Just a small post on my birthday: a little present to you. In a world of Instagram snaps and Hipstamatic effects, actual hand work is undervalued these days, so I have sought a style for my blog posts which uses handmade illustrations. This also conveniently relieves me of the problems associated with copyright infringement.

Why Not Hand Illustrate?

All the logo work I have seen recently, for instance was done in Illustrator, a brilliant Bezier-spline-based tool for cleverly crafting the smooth edges of figures. And it has grown to be so much more, with its incredible control over negative and positive spaces. But, to me, there is a pleasure in crafting something by hand, shaping it, cleaning it up, styling it with real brush strokes, and hand-coloring it. There is so much more life in hand-illustrated artwork. Imperfection is simply part of the style.

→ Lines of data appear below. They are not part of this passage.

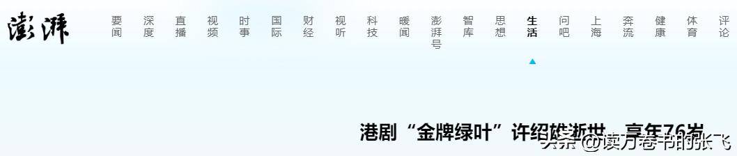 澎湃新闻——港剧“金牌绿叶”许绍雄逝世,享年76岁
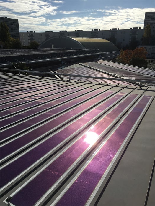 La durée de vie du démonstrateur « OPV » installé sur le toit du collège Pierre Mendès-France est estimée à 20 ans. (©Engie)
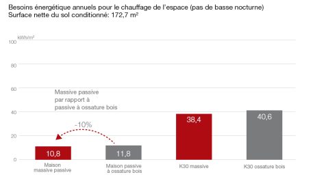 Les besoins énergétiques annuels pour le chauffage dans une maison massive passive sont environ 10% moins élevés que pour une maison passive à ossature bois similaire.
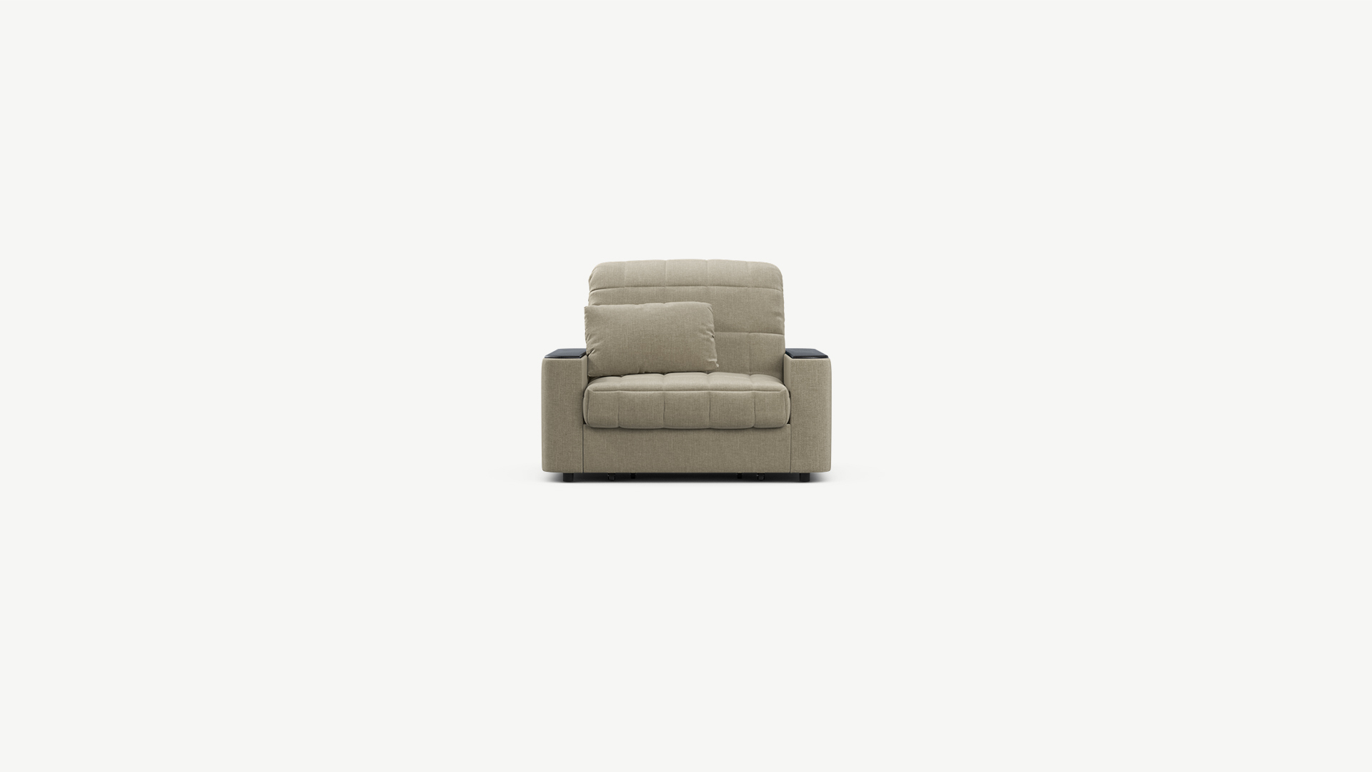 Кресло-кровать MOON FAMILY 018 украшено стежкой в квадрат. Проверенный временем дизайн производит впечатление уютного и надежного пространства. На объемные прямоугольные подлокотники с широкой столешницей удобно положить книгу и пульт, телефон или планшет, а также поставить чашечку чая.

Hand Work: Bridging the Domains

For me, hand work always starts with real paper and a real ink implement. This used to cause me some worry: worry about making mistakes, blotting out a section, making a line too thin or too fat. But I have learned to just start over until I get something which is approximately right. I use this same approach in songwriting.

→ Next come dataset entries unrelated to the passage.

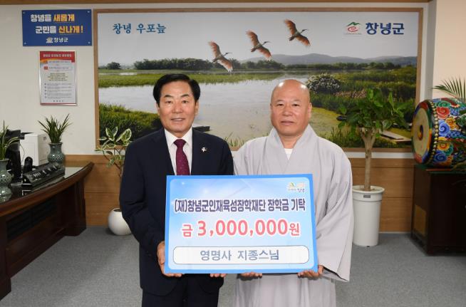 [뉴스서울] 창녕군은 영산면에 있는 영명사에서 지난 20일, 지역의 인재 육성을 위해 써달라며 (재)창녕군인재육성장학재단에 장학금 3백만 원을 기탁했다고 밝혔다.
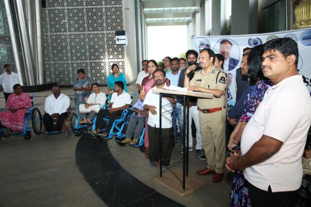 వి.సి. సజ్జనర్, ఐపీఎస్ హైదరాబాద్ నగర పోలీస్ కమిషనర్గా బాధ్యతలు స్వీకరించిన శుభ సందర్భంగా, వికలాంగుల నెట్వర్క్, ఫ్రీడమ్ అసోసియేషన్, ట్రిపుల్ ఆర్ ఫౌండేషన్ మరియు NAMC ట్రస్ట్ సంయుక్తంగా దివ్యాంగులకు ఉచిత వీల్ చైర్ల పంపిణీ కార్యక్రమాన్ని బంజారాహిల్స్, రోడ్ నెం. 12లోని ఇంటిగ్రేటెడ్ కమాండ్ అండ్ కంట్రోల్ సెంటర్ (ICCC) భవనంలో ఘనంగా నిర్వహించారు. ఈ కార్యక్రమానికి ముఖ్య అతిథిగా హాజరైన కమిషనర్ వి.సి. సజ్జనర్ స్వయంగా లబ్ధిదారులకు వీల్ చైర్లను పంపిణీ చేశారు.
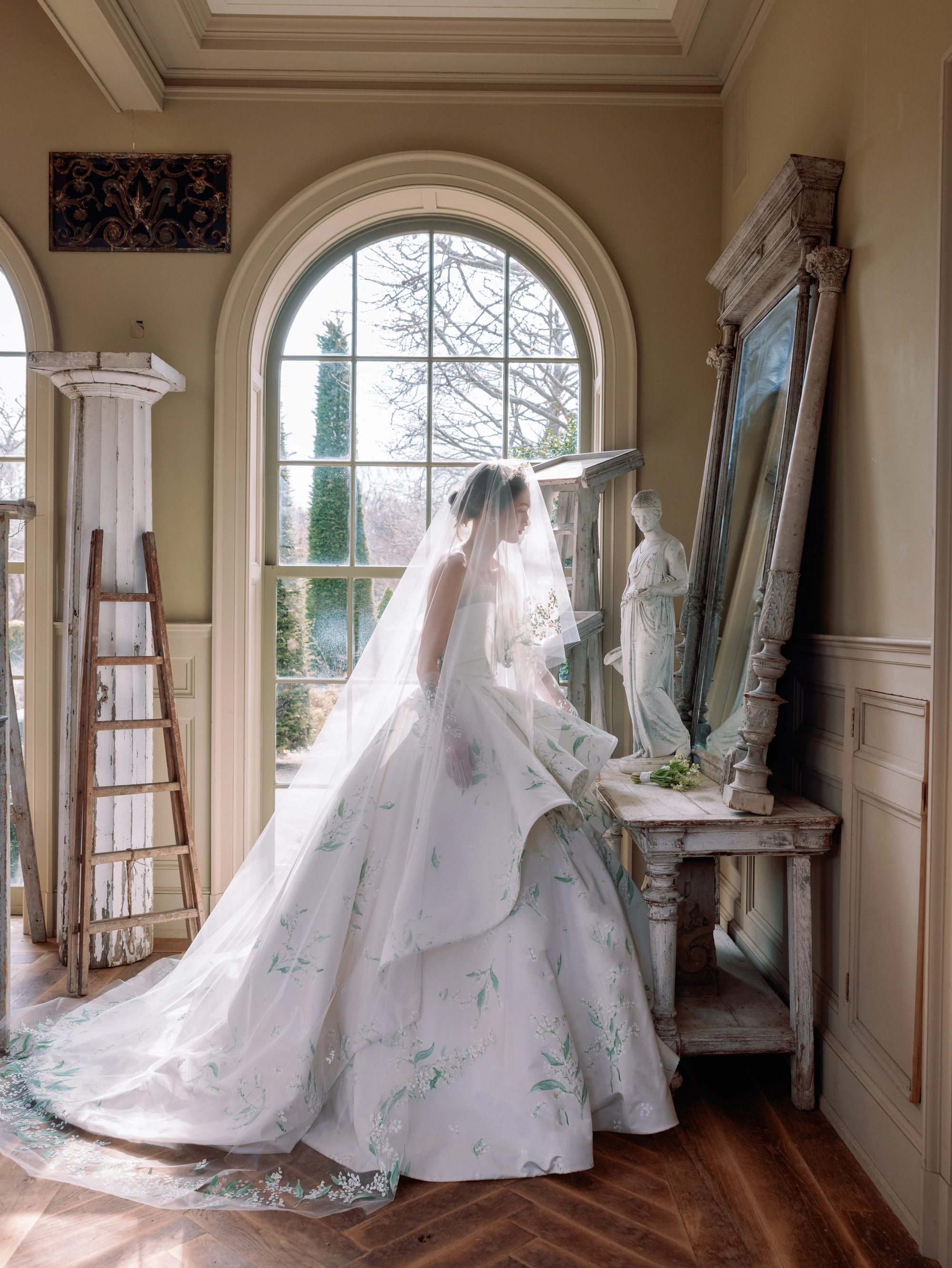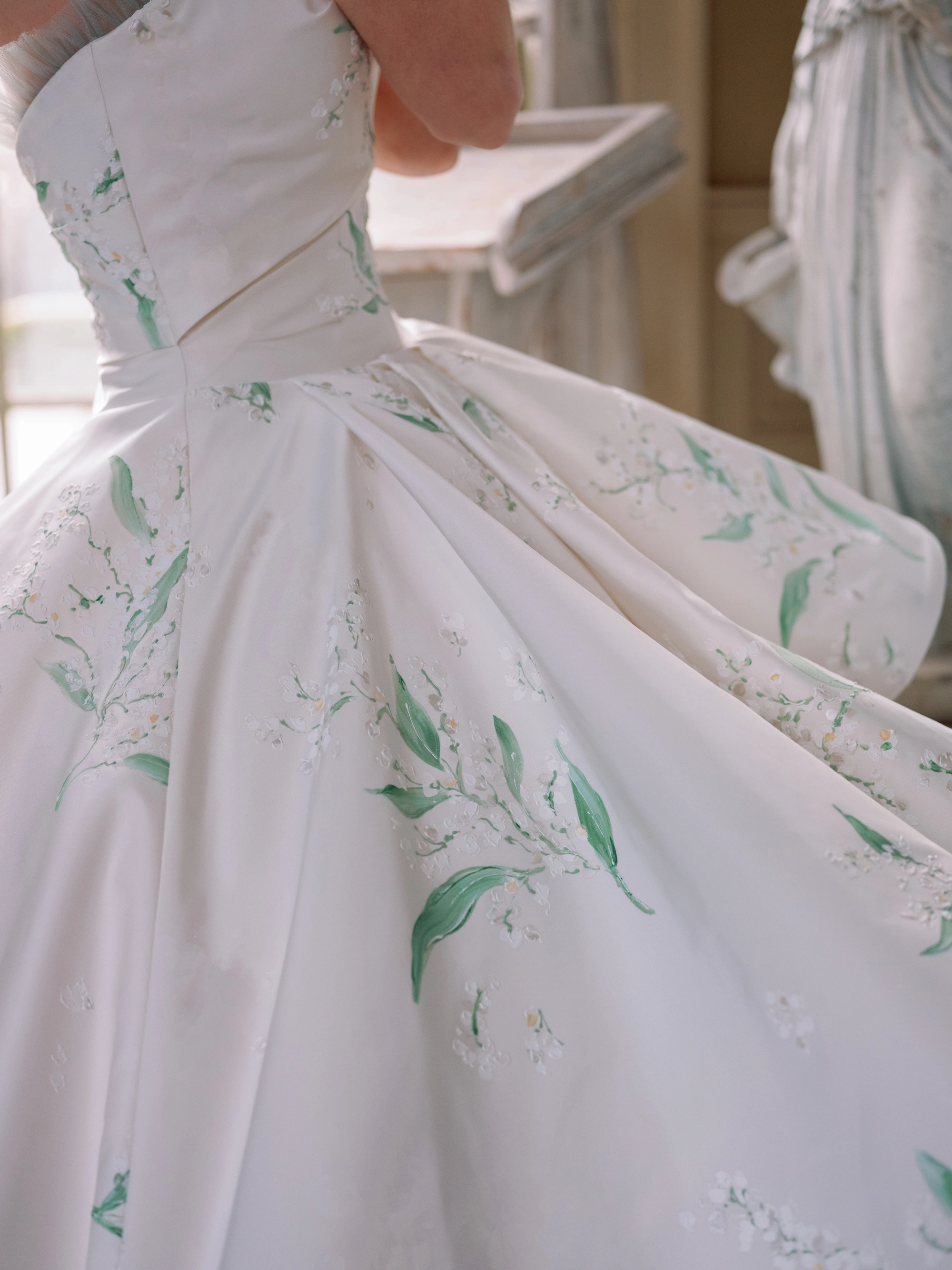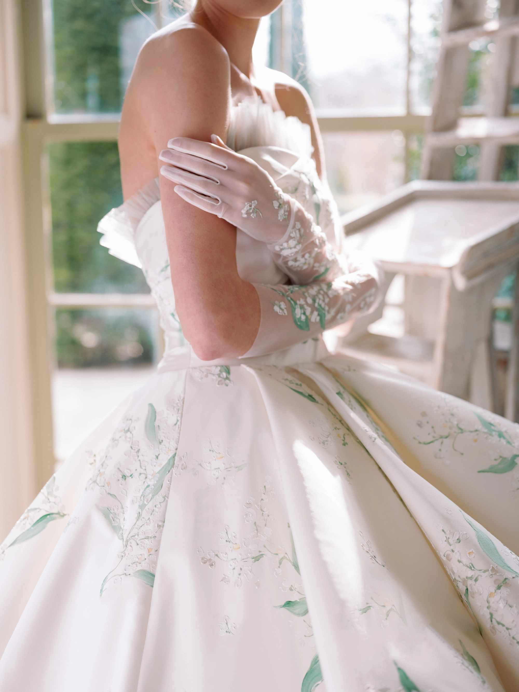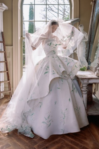 Lily of the Valley Radzimir gown, featuring a straight neckline with gathered tulle detail, a hand- draped bodice, and a dramatic layered oversized ballgown skirt with a cathedral-length train.

The reason for the "just good enough" approach is that I can edit it later using digital means. For music, perhaps I can use ProTools, Ableton, or even GarageBand to shape the final result and re-record overdubs. For artwork, I have confidence that I can make it right using similar hand work in the digital environment. Suddenly it becomes possible to rework "permanent" ink lines and even to erase them. Work that was simply impossible in the pen-and-paper domain. Suddenly, in the digital domain, we are in the world of undo and pure unadulterated color.

I use Painter with a Wacom tablet for this work, but, of course, it can also be done in Photoshop or any paint program with good support for a tablet. I also envision doing an increasing amount of work on my iPad. In the mobile environment I use a Wacom Bamboo stylus to do my drawing. Drawing with a finger, while interesting and convenient, is a bit restrictive and inaccurate. Especially with my big fingers.

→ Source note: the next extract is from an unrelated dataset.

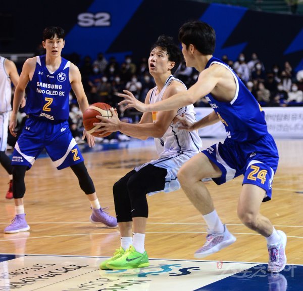 6일 잠실체육관에서 열린 ‘2022-2023 프로농구’ 서울 삼성과 전주 KCC 경기에서 KCC 허웅이 삼성의 수비를 뚫고 골밑을 공격하고 있다.
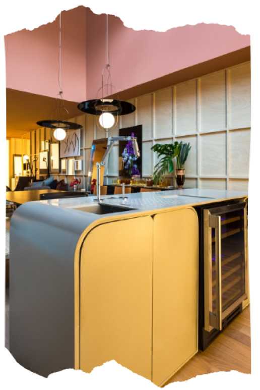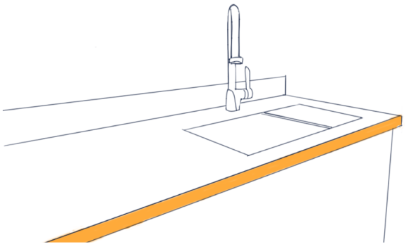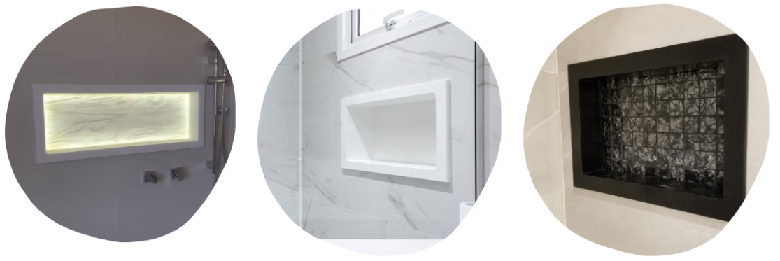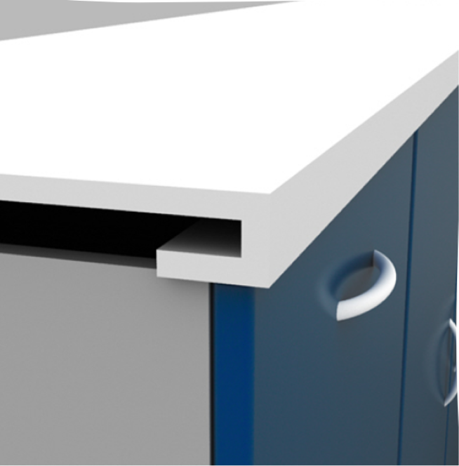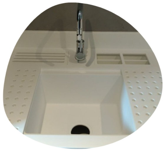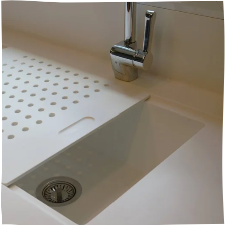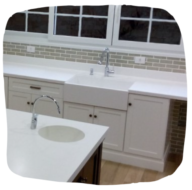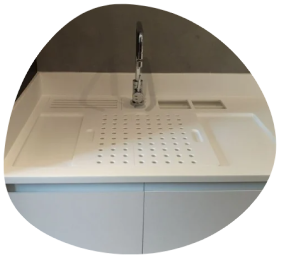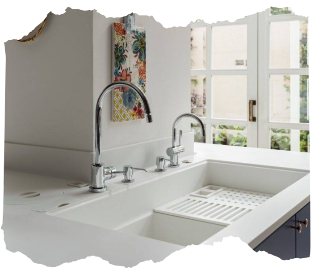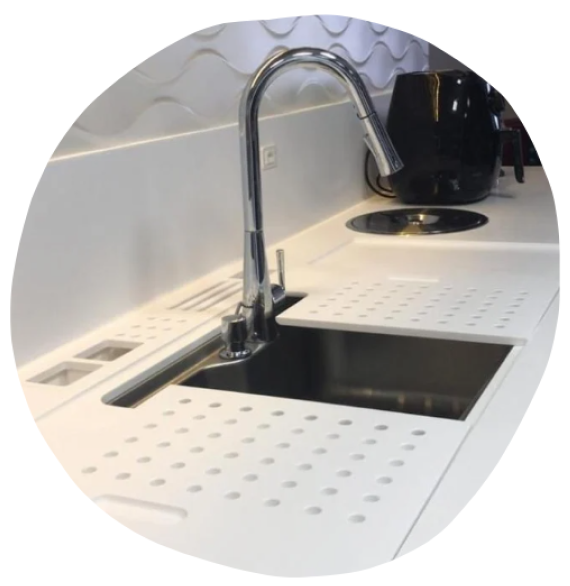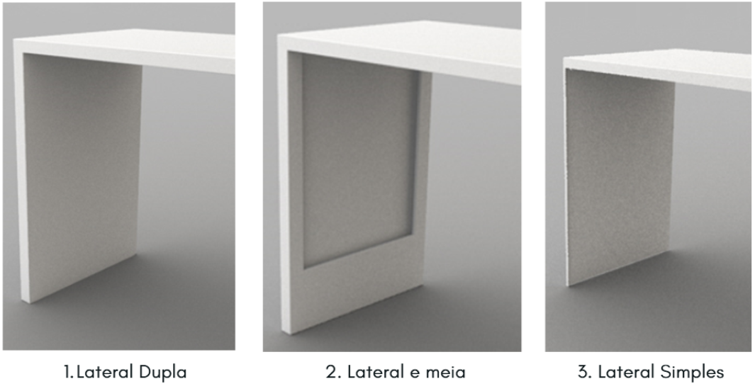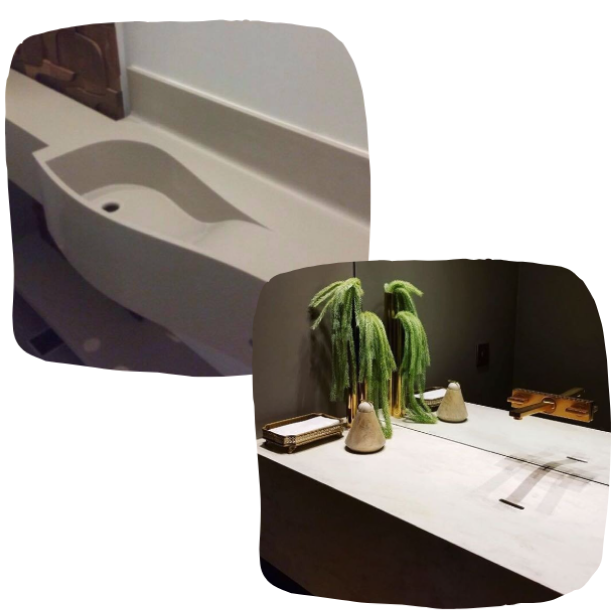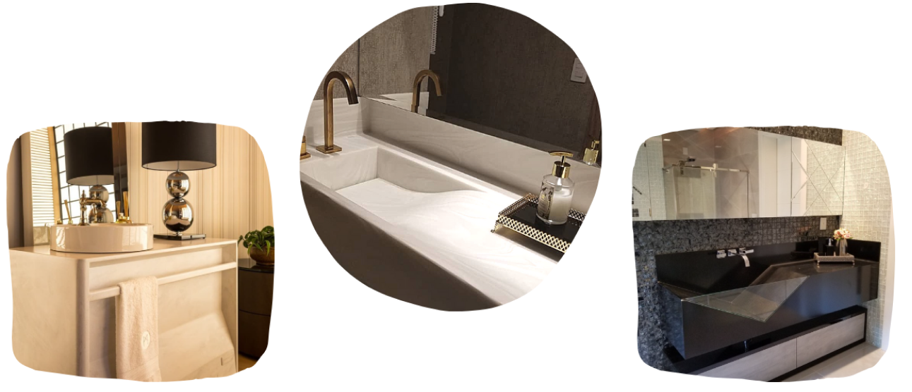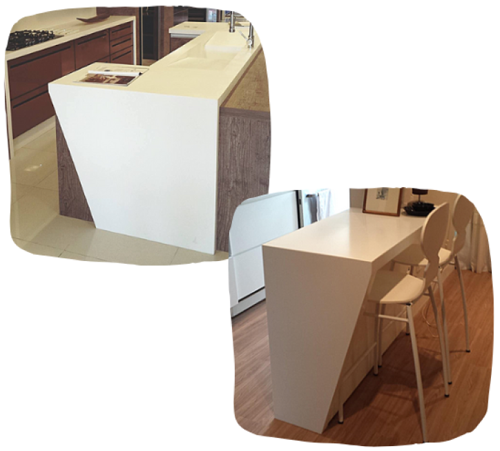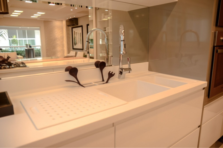 Bancada, cuba nichos e tampas em Corian Glacier White.

For hand-drawn traditional artwork good scanner is always important for bridging these domains, and with this comes some tonal compression and re-interpretation of the colors of the work, which is why I stick to black-and-white for my sketches. This means that simple equalization and gamma correction can convert your sketch to something that becomes useful in the digital domain.

Hand Work Entirely in the Digital Domain

OK I lied. Sometimes my hand work doesn't always start with pen and paper. This is because there is also extreme value in starting in the digital domain and staying there. In this environment you have several advantages that are not present in the pen-and-paper domain. For instance: cloning.

A specific example is shown here.

But instead of cloning, this is more to the tune of using the original as a reference.

I proceeded by opening an image captured using an iPhone. Then I cropped it to a good size and brought the smaller image into Painter.

Once there, I created five serigraphy layers using Effects:Surface Control:Serigraphy. This mimics a silk screen process, and creates layers that I can move into any priority that makes sense.

Then I collapsed all the serigraphy layers into a single layer and proceeded to rework every edge in the layer, selecting colors, redoing edges using a tiger stripe look characteristic of woodcut or linoleum cut.

I had to introduce several new shadings where there was none before.

And I am left with a self-portrait in woodcut style. I would like to say that it only took a few minutes. But in fact it took several hours. Actually, I'm still not completely satisfied. I figure about twenty hours of work should do it. But who has time for that?